Wednesday, 1 January 2014

Should you bother volunteering with Canal and River Trust?

The whole question of volunteering with CRT is a difficult one for me, and I suspect for many others. What I do know is that CRT urgently have to up their game on this front by several orders of magnitude.

There is no doubt that CRT does not have the resources to maintain the waterways as a whole and are constantly fire fighting. Many jobs especially when it comes to litter and grounds maintenance, that in the past were done by staff or contractors, now only happen when volunteers are available. CRT realise this but are they going about engaging with volunteers effectively? Some examples of my personal frustrations:

Many will have noticed that I have stood down from NABO Council. This is almost wholly through being constantly frustrated with and by BW and now CRT. I am simply not prepared to volunteer to bang my head against that brick wall much more. And that is what it has felt like as a national association officer trying to deal with BW for a decade; and CRT are so far little different, (not a surprise when we have largely the same incumbents to deal with).

Consultation is too often lip service to process, after which the officers carry on doing what they were planning to do anyway, often in direct conflict with what customers have taken the time and trouble to volunteer in said consultations and based on carefully spun and imaginary problems.

Narrowboatworld has been reporting mixed feelings among boaters about some of the volunteers staffing locks. Many years boating experience tells me that third party help at locks can be as dangerous as it is helpful and if some of the reports around the web about the quality of some over-zealous and/or inexperienced volunteer help is correct, in the worst cases it is hazardous to safe boating. (One wonders how many if any boaters have been involved in training some of these volunteers?)

I have always done voluntary cleaning and litter picking locally to my mooring. Nothing exceptional or different to what many people do but I have to say, I suspect like many others, too often motivated by wanting live in a reasonable local environment which BW/CRT does not keep up to the mark.

I turn up when I can for organised local towpath tidying events but this has also had frustrations. At events I have attended in the last year volunteers have been instructed to be selective in what they clean and clear because there are apparently no resources to dispose of too much waste. This seems particularly crazy to me - Don't help out too much cos we can't cope if you do 'too much', seems to be the message.

At a another recent event what was collected and bagged up for later collection was not actually collected, so the foxes and the winds have more or less put the waste that was collected back where it was and into the cut. Such outcomes hardly encourage volunteers to come to the next event?

I also cannot avoid looking back to something I wrote a while ago, about feeding the hand that bites you. I read that piece again while writing this, and sadly that analysis still holds true as I sit here with the latest batch of unanswered emails about outstanding repairs on my mooring.

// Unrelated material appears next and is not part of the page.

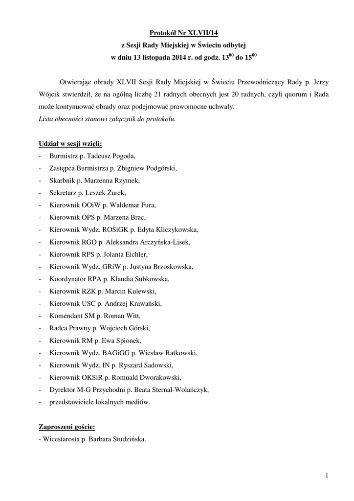 Protokół Nr XLVII/14 z Sesji Rady Miejskiej w Świeciu odbytej w dniu 13 listopada 2014 r. od godz. 1300 do 1500 Otwierając obrady XLVII Sesji Rady Miejskiej w Świeciu Przewodniczący Rady p. Jerzy Wójcik stwierdził, że na ogólną liczbę 21 radnych obecnych jest 20 radnych, czyli quorum i Rada może kontynuować obrady oraz podejmować prawomocne uchwały. Lista obecności stanowi załącznik do protokołu. Udział w sesji wzięli: - Burmistrz p. Tadeusz Pogoda, - Zastępca Burmistrza p. Zbigniew Podgórski, - Skarbnik p. Marzenna Rzymek, - Sekretarz p. Leszek Żurek, - Kierownik OOiW p. Waldemar Fura, - Kierownik OPS p. Marzena Brac, - Kierownik Wydz. ROŚiGK p. Edyta Kliczykowska, - Kierownik RGO p. Aleksandra Arczyńska-Lisek, - Kierownik RPS p. Jolanta Eichler, - Kierownik Wydz. GRiW p. Justyna Brzoskowska, - Koordynator RPA p. Klaudia Subkowska, - Kierownik RZK p. Marcin Kulewski, - Kierownik USC p. Andrzej Krawański, - Komendant SM p. Roman Witt, - Radca Prawny p. Wojciech Górski, - Kierownik RM p. Ewa Spionek, - Kierownik Wydz. BAGiGG p. Wiesław Ratkowski, - Kierownik Wydz. IN p. Ryszard Sadowski, - Kierownik OKSiR p. Romuald Dworakowski, - Dyrektor M-G Przychodni p. Beata Sternal-Wolańczyk, - przedstawiciele lokalnych mediów. Zaproszeni goście: - Wicestarosta p. Barbara Studzińska. 1 Porządek obrad: 1. Otwarcie sesji i stwierdzenie quorum. 2. Przyjęcie protokołu z poprzedniej sesji. 3. Informacja przewodniczącego o działaniach Rady w okresie międzysesyjnym. 4. Sprawozdanie Burmistrza o działalności międzysesyjnej. 5. Informacja Przewodniczącego o działalności Rady, podsumowanie działalności Rady Miejskiej w kadencji 2010 - 2014. 6. Podsumowanie 7. Interpelacje i zapytania radnych. 8. Zakończenie. Ad. 2 Rada jednogłośnie przyjęła protokół z poprzedniej sesji. Ad. 3 Przewodniczący Rady p. Jerzy Wójcik przedstawił informację Przewodniczącego o działaniach Rady w okresie międzysesyjnym oraz odczytał pismo, które wpłynęło od p. Wojewody z podziękowaniem za długoletnią pracę oraz informacją o przyznaniu złotego medalu. Informacja stanowi załącznik do protokołu. Ad. 4 Sprawozdanie o działalności międzysesyjnej złożył Burmistrz p. Tadeusz Pogoda. Ad. 5 Informacja Przewodniczącego o działalności Rady, podsumowanie działalności Rady Miejskiej w kadencji 2010 – 2014. Informacja stanowi załącznik do protokołu. Ad. 6 Przewodniczący Rady p. Jerzy Wójcik razem z Wiceprzewodniczącym Rady p. Adamem Cieślakiem wręczyli pamiątkowe statuetki radnym oraz z burmistrzom na zakończenie kadencji 2010-2014. Przewodniczący Rady p. Jerzy Wójcik złożył podziękowania wszystkim kierownikom i pracownikom Urzędu za 4-letniom współpracę. 2 Wicestarosta p. Barbara Studzińska – przychyliła się do podziękowań przedmówcy oraz życzyła sukcesu wyborczego. Następnie w krótkich przemówieniach pożegnalnych wystąpili kolejno: - Wiceprzewodniczący Rady p. Adam Cieślak, - Burmistrz p. Tadeusz Pogoda, - Radny p. Józef Pawłowski, - Radna p. Helena Ratka-Fejtko, - Radna p. Halina Szolginia, - Radny p. Zbigniew Rydziel, - Radny p. Janusz Rogala. Ad. 7 Interpelacji nie było. Radny p. Sławomir Siemaszko – przypomniał pytanie p. Rydziela z poprzedniej Sesji: ile rocznie kosztuje utrzymanie amfiteatru w Świeciu? Kierownik OKSiR p. Romuald Dworakowski – odpowiedział, że utrzymanie amfiteatru nie przekracza 50 tys. zł rocznie. Ad. 8 Wobec wyczerpania porządku obrad, Przewodniczący Rady p. Jerzy Wójcik zamknął obrady XLVII Sesji Rady Miejskiej. Protokolant: Magdalena Jażdżewska – Wydz. Organizacyjny U. M. Przewodniczący Rady Miejskiej Jerzy Wójcik 3

CRT are content to take my money for mooring, but it seems are no different than BW when it comes to upkeep of the mooring. Among other things I have in the last year had the excuse given of lack of budget for delays in doing repairs. I highlighted a while ago how much of our mooring fees go into the general pot and I have no reason to doubt that the numbers have changed much. The excuse of having no money to do minor repairs that would cost a few hundred pounds holds no more water with me than it did in the past. (Curiously when I raised the threat of turning again to the complaints process and the Ombudsman, some money was found).

Given I still have to fight with CRT to get a service I have paid for, how do they suppose that leaves me feeling about volunteering for them?

As I set out for NABO recently despite huge dissatisfaction with the lack of service we often get, remarakably perhaps, many mooring customers still undertake voluntary work for CRT despite the many other frustrations, and like many others, perhaps against my better judgement, I suppose I will still offer some time here and there.

However patience and good will is not unlimited and I for one am getting closer to a point where volunteering feels like more trouble than it's worth. Until CRT realise that they are hugely distrusted over day to day issues and interactions and in turn do something to improve on that front, there will be huge reticence among many people who already interact with them to volunteer, (or in my case and that of many others, to volunteer more often). I hear this constantly from people in the comunity I live who frequently ask me why I bother: this question also came up repeatedly while I was on NABO Council. I am not sure I have a good answer after a decade of trying.

If the experience when volunteers do show up is poor or indifferent, if the work you have just done is seen to going to waste, if through lack of briefing or training, or in some cases, I believe devisively, you are put into conflict with others, if what we offer at consultation events is met with outright evasion and at times downright hostility, people will not continue volunteering in CRT's favour.

Lets see if CRT can grasp this nettle and do better on this in 2014. The fact is that without an effective and widespread volunteer network, especially when it come to maintaining the public space, the waterways are going to rapidly decline. How much I am prepared to be part of it though is a whole other question.